Work began in mid-2011, and the total cost came to $200 million. No, it’s not a new, state-of-the-art hospital; it’s this year’s summer zombie apocalypse movie. And two hours from now, you may remember that you resolved to spend more time at the beach this summer, and that your sunny days are numbered.

What is the draw to zombie movies, despite their lack of originality, intrigue, or comeliness? The only answer I can propose is that they offer us a lesson in who we are. The genre and its most recent iteration, World War Z, show us, in a reductio ad absurdum, the ultimate consequences of our current culture of death.

World War Z takes place in an apocalyptic society where all of civilization is burning and being physically destroyed. The social aspects go up in flames as well: family life is interrupted and physically pulled apart. Essentials like work, play, education, and producing food are abandoned, and then forgotten. God, or even reference to anything spiritual, is nowhere to be found. An utterly barren and scarred landscape results, literally and symbolically.

The zombie is the embodiment of that landscape—the putrid remains of a person whose meaning, fruitfulness, and very life have departed; the only power left to it is to spread the destruction that it embodies by slavishly following the craving for flesh. We are drawn to zombie movies because our culture has become “zombified”—a culture of death.

The death wrought by the zombies reminds me of a passage from the psalms: “Will those who do evil never understand? They eat up my people as if they were eating bread; and they never think to pray to God” (Ps 14:4). Despite all our technological advances, there are still things we cannot control. Humanity on its own lies helpless in the face of the sweeping zombie apocalypse: one can run or hide, but there is no way to overcome the zombies. Attempts to stop the zombie violence with more violence—Hollywood’s specialty of knives, guns, and explosions—can only stall for time; they cannot offer a solution.

Ultimately, we realize that there is no escape from the cycle of sin, evil, and death by human means alone. As believers, we know that the only solution lies out of our hands. Jesus said,

Behold, the hour is coming and has arrived when each of you will be scattered to his own home and you will leave me alone. But I am not alone, because the Father is with me. I have told you this so that you might have peace in me. In the world you will have tribulation, but take courage, for I have conquered the world. (Jn 16:32–33)
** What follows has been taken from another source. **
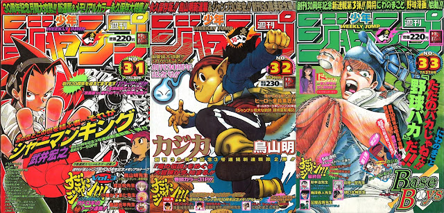 O primeiro mangá da leva foi o único que sobreviveu por muito tempo, “Shaman King” de Hiroyuki Takei, estreou com grandes expectativas, já que o autor havia conquistado muitos leitores com o seu mangá anterior “Butsu Zone”, lançado em 1997 e que foi cancelado com apenas três volumes. E “Shaman King” acabou não decepcionando de modo algum, o mangá se configurou como um grande sucesso e pelo resto do ano 1998 ficou constantemente entre as dez primeiras colocações. Podemos dizer que Hiroyuki Takei faz parte daquela lista grande de autores que até lançam uma primeira obra ruim, mas por causa do seu traço ou mesmo alguns aspectos positivos dessa primeira série, consegue conquistar vários novos leitores. Tabata Yuuki e Kubo são grandes exemplos de autores que entregaram inicialmente séries impopulares, mas mesmo assim conseguiram uma fã-base que serviu de apoio para quando lançaram a sua segunda obra. Logo após, na edição #32, os editores lançaram mais uma nova mini-série de Akira Toriyama que durou somente doze capítulos (Um volume).

In His incarnation, Jesus has carved a path to life that we can follow all the way to unity with the Father.

If we leave Jesus’ side and walk alone, we will make no progress toward that goal. World War Z has been criticized for its total lack of development, and I would argue that the solutions it proposes—utilitarianism, martial law, and the deification of nature or science—are dehumanizing precisely because they cause man to deny his religious nature, a nature that is open to accepting the movement toward salvation offered by the Gospel.

On the contrary, both World War Z and contemporary society understand us to be a frenzied collection of insects scrambling on top of each other to satisfy our flesh-craving. The film sweeps along as one breathlessly busy conflict from start to finish, rising only with the intensity and scale of the carnage and the explosions. It establishes a rat-race for us and offers no new destinations, only larger rats and fancier mazes.

With a hopeless leitmotif of death and despair, zombie apocalypse movies have been recurring with futility year after year, but the one army of living dead that audiences are truly waiting for has yet to come to the silver screen. It’s already been written down, though, in the book of Ezekiel. There, the prophet, following God’s direction, stands above a vast valley of dried bones of the long-dead warriors of all of Israel. With utter faith in God and the unlimited power of His Word, Ezekiel prophesies. God’s Word gives them flesh and His breath gives them life, and they glorify Him with the gifts they have received:

I prophesied as he commanded me, and the breath entered them; they came to life and stood on their feet, a vast army. He said to me: Son of man, these bones are the whole house of Israel! They are saying, ‘Our bones are dried up, our hope is lost, and we are cut off.’ Therefore, prophesy and say to them: Thus says the Lord God: Look! I am going to open your graves . . . I will put my spirit in you that you may come to life, and I will settle you in your land. Then you shall know that I am the Lord. I have spoken; I will do it. (Ez 37:10-14)

For all its intensity and supposed excitement, a zombie apocalypse does not offer any real action toward a lasting solution. In the end, “if the Lord does not watch over the city, in vain do the watchmen keep vigil” (Ps 127:1), for, as the prophet Ezekiel tells us, only the breath of God can renew us.